- _EXERCISE REQUIREMENTS_: Under this line sits a listing. Repeat exactly and only its lines from the one holding "ตามที่มีสถานการณ์ฝุ่นละอองในอากาศขนาดไม่เกิน 2.5 ไมครอน(PM2.5)" through the one holding "7116 - أَخْبَرَنِي"; skip pictures.

- _GIVEN INFORMATION_:
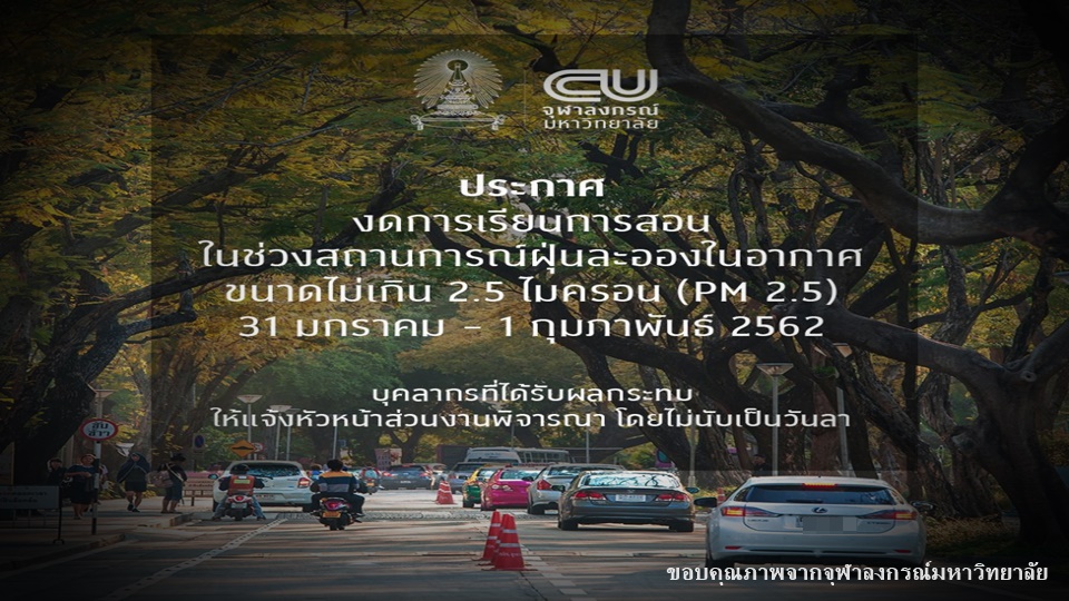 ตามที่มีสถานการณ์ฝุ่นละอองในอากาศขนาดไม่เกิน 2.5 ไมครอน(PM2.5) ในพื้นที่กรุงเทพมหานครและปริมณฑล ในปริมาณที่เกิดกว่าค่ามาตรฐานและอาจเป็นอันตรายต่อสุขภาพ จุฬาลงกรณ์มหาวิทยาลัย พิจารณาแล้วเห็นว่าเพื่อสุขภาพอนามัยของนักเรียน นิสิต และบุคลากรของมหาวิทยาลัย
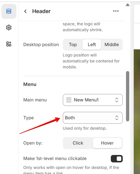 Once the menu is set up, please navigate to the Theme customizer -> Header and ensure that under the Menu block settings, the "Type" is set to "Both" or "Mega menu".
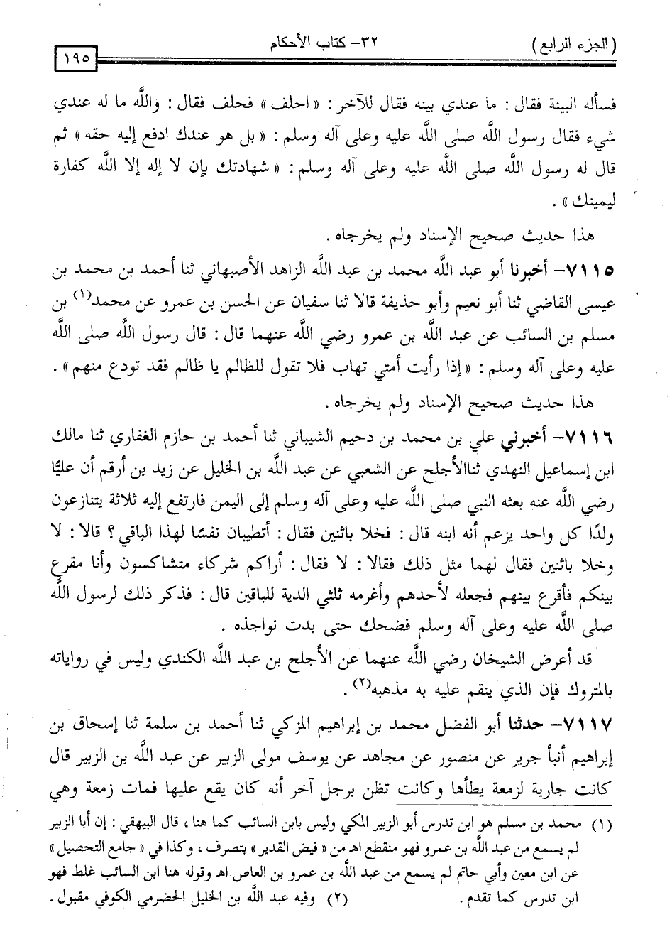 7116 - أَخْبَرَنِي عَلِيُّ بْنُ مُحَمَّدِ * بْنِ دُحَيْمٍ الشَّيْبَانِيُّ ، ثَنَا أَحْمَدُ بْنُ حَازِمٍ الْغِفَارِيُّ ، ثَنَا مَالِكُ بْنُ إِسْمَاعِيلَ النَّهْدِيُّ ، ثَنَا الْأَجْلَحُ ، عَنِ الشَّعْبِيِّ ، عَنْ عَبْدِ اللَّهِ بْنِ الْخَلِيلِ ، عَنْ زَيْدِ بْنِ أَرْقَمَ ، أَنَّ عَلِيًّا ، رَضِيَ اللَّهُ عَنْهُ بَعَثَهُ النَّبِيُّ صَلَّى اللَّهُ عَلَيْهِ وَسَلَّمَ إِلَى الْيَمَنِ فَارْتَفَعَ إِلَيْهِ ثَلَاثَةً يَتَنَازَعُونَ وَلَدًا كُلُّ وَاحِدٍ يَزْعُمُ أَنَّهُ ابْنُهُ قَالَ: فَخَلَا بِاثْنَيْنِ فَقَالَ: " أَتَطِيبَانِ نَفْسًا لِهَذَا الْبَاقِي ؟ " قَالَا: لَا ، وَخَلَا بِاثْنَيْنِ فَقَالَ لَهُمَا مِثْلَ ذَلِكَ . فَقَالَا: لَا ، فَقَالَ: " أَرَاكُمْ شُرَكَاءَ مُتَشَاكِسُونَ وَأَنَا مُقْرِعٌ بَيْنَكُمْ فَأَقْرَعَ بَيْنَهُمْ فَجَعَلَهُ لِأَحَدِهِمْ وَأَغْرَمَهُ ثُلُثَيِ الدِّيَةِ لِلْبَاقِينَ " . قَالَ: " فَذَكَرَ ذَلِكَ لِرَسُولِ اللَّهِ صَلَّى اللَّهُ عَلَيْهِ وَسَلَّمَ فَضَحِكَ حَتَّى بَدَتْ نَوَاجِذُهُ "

---

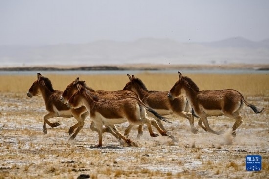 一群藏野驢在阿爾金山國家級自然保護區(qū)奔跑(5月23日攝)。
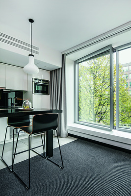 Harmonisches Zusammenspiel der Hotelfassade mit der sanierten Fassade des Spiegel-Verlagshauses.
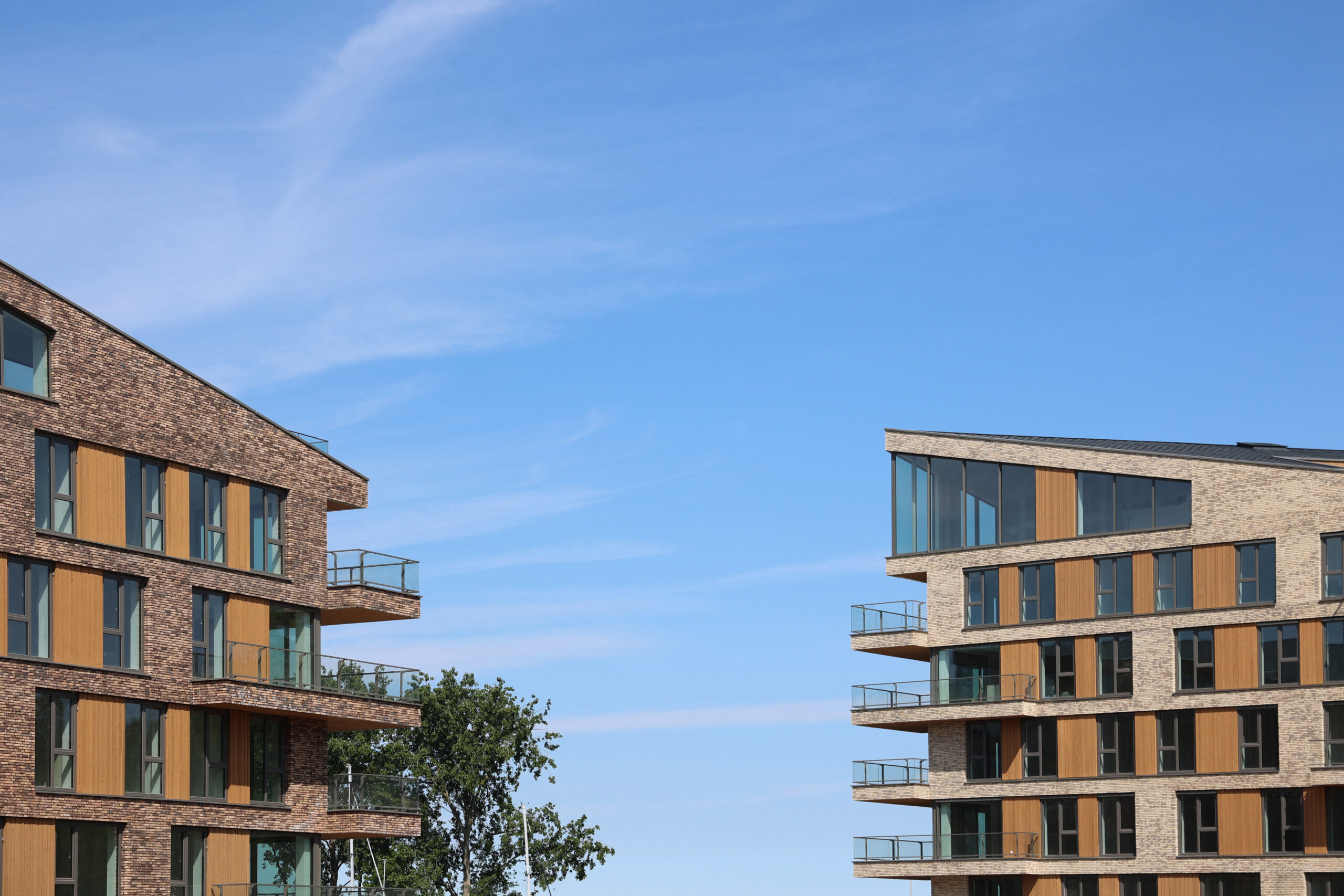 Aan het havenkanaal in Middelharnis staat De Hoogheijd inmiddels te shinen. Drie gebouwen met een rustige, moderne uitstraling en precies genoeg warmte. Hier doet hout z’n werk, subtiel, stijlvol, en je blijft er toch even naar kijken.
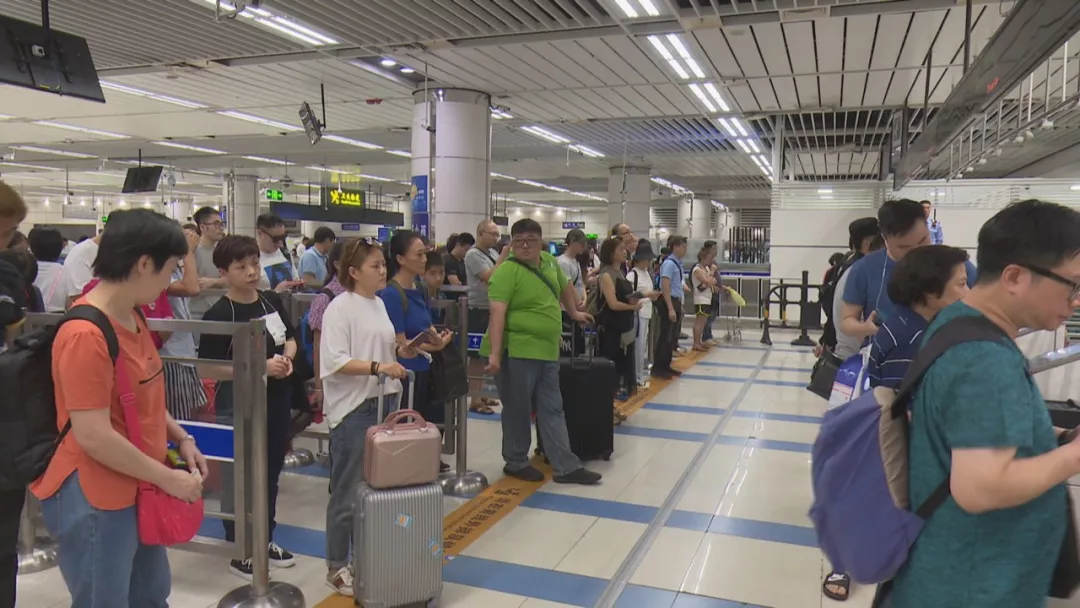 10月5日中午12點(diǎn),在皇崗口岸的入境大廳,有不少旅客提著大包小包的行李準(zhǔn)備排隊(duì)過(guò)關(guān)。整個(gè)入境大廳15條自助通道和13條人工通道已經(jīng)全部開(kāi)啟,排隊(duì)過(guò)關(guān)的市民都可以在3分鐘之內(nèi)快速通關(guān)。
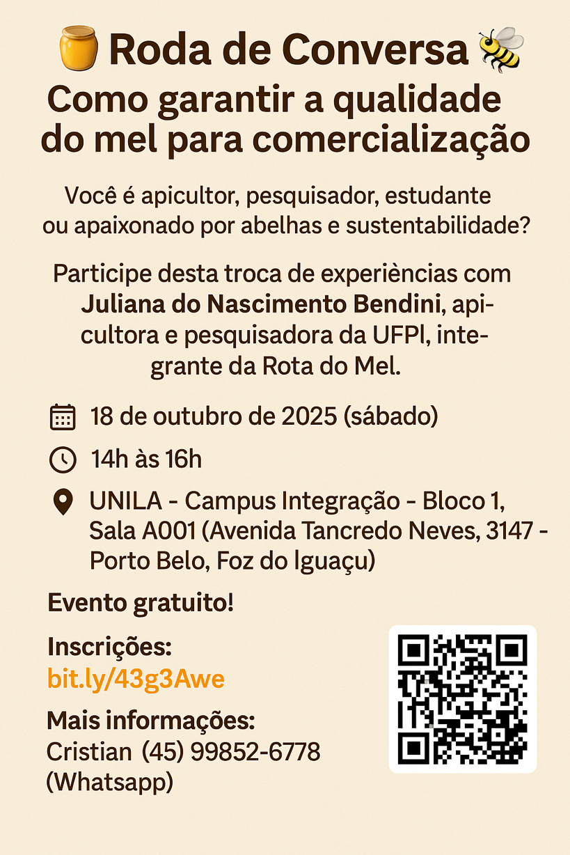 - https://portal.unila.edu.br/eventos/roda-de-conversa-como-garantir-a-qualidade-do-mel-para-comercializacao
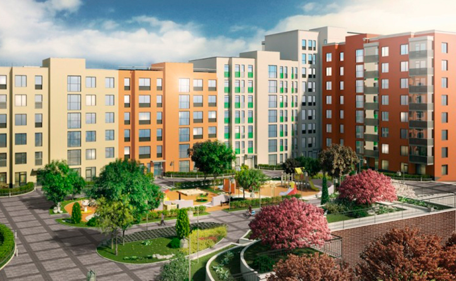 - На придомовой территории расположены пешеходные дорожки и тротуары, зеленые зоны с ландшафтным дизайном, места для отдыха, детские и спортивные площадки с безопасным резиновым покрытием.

--

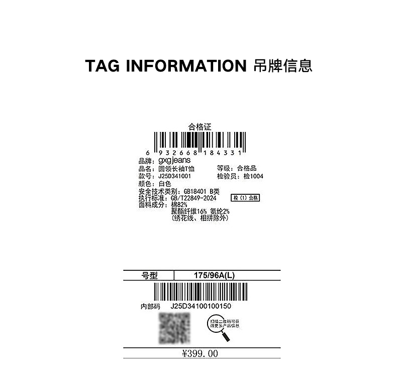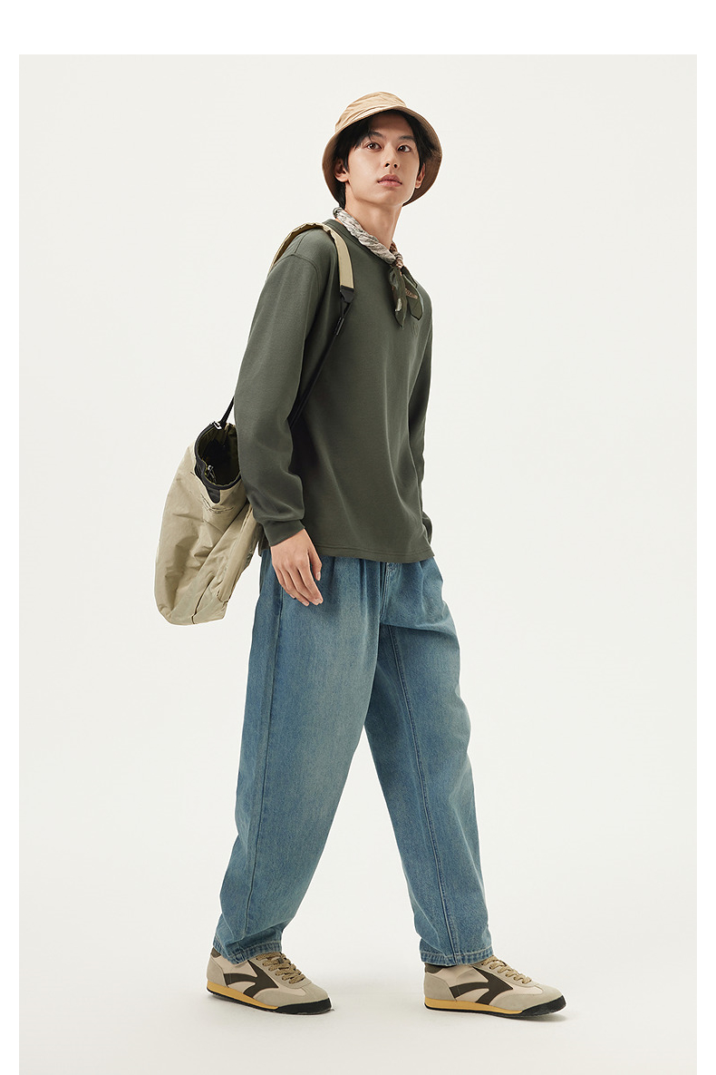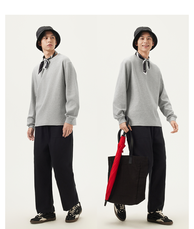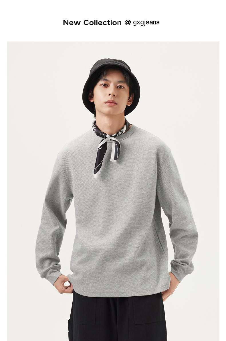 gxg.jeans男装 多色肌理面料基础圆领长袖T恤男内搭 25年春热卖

- _REPLY TO THE TASK_:
 ตามที่มีสถานการณ์ฝุ่นละอองในอากาศขนาดไม่เกิน 2.5 ไมครอน(PM2.5) ในพื้นที่กรุงเทพมหานครและปริมณฑล ในปริมาณที่เกิดกว่าค่ามาตรฐานและอาจเป็นอันตรายต่อสุขภาพ จุฬาลงกรณ์มหาวิทยาลัย พิจารณาแล้วเห็นว่าเพื่อสุขภาพอนามัยของนักเรียน นิสิต และบุคลากรของมหาวิทยาลัย
 Once the menu is set up, please navigate to the Theme customizer -> Header and ensure that under the Menu block settings, the "Type" is set to "Both" or "Mega menu".
 7116 - أَخْبَرَنِي عَلِيُّ بْنُ مُحَمَّدِ * بْنِ دُحَيْمٍ الشَّيْبَانِيُّ ، ثَنَا أَحْمَدُ بْنُ حَازِمٍ الْغِفَارِيُّ ، ثَنَا مَالِكُ بْنُ إِسْمَاعِيلَ النَّهْدِيُّ ، ثَنَا الْأَجْلَحُ ، عَنِ الشَّعْبِيِّ ، عَنْ عَبْدِ اللَّهِ بْنِ الْخَلِيلِ ، عَنْ زَيْدِ بْنِ أَرْقَمَ ، أَنَّ عَلِيًّا ، رَضِيَ اللَّهُ عَنْهُ بَعَثَهُ النَّبِيُّ صَلَّى اللَّهُ عَلَيْهِ وَسَلَّمَ إِلَى الْيَمَنِ فَارْتَفَعَ إِلَيْهِ ثَلَاثَةً يَتَنَازَعُونَ وَلَدًا كُلُّ وَاحِدٍ يَزْعُمُ أَنَّهُ ابْنُهُ قَالَ: فَخَلَا بِاثْنَيْنِ فَقَالَ: " أَتَطِيبَانِ نَفْسًا لِهَذَا الْبَاقِي ؟ " قَالَا: لَا ، وَخَلَا بِاثْنَيْنِ فَقَالَ لَهُمَا مِثْلَ ذَلِكَ . فَقَالَا: لَا ، فَقَالَ: " أَرَاكُمْ شُرَكَاءَ مُتَشَاكِسُونَ وَأَنَا مُقْرِعٌ بَيْنَكُمْ فَأَقْرَعَ بَيْنَهُمْ فَجَعَلَهُ لِأَحَدِهِمْ وَأَغْرَمَهُ ثُلُثَيِ الدِّيَةِ لِلْبَاقِينَ " . قَالَ: " فَذَكَرَ ذَلِكَ لِرَسُولِ اللَّهِ صَلَّى اللَّهُ عَلَيْهِ وَسَلَّمَ فَضَحِكَ حَتَّى بَدَتْ نَوَاجِذُهُ "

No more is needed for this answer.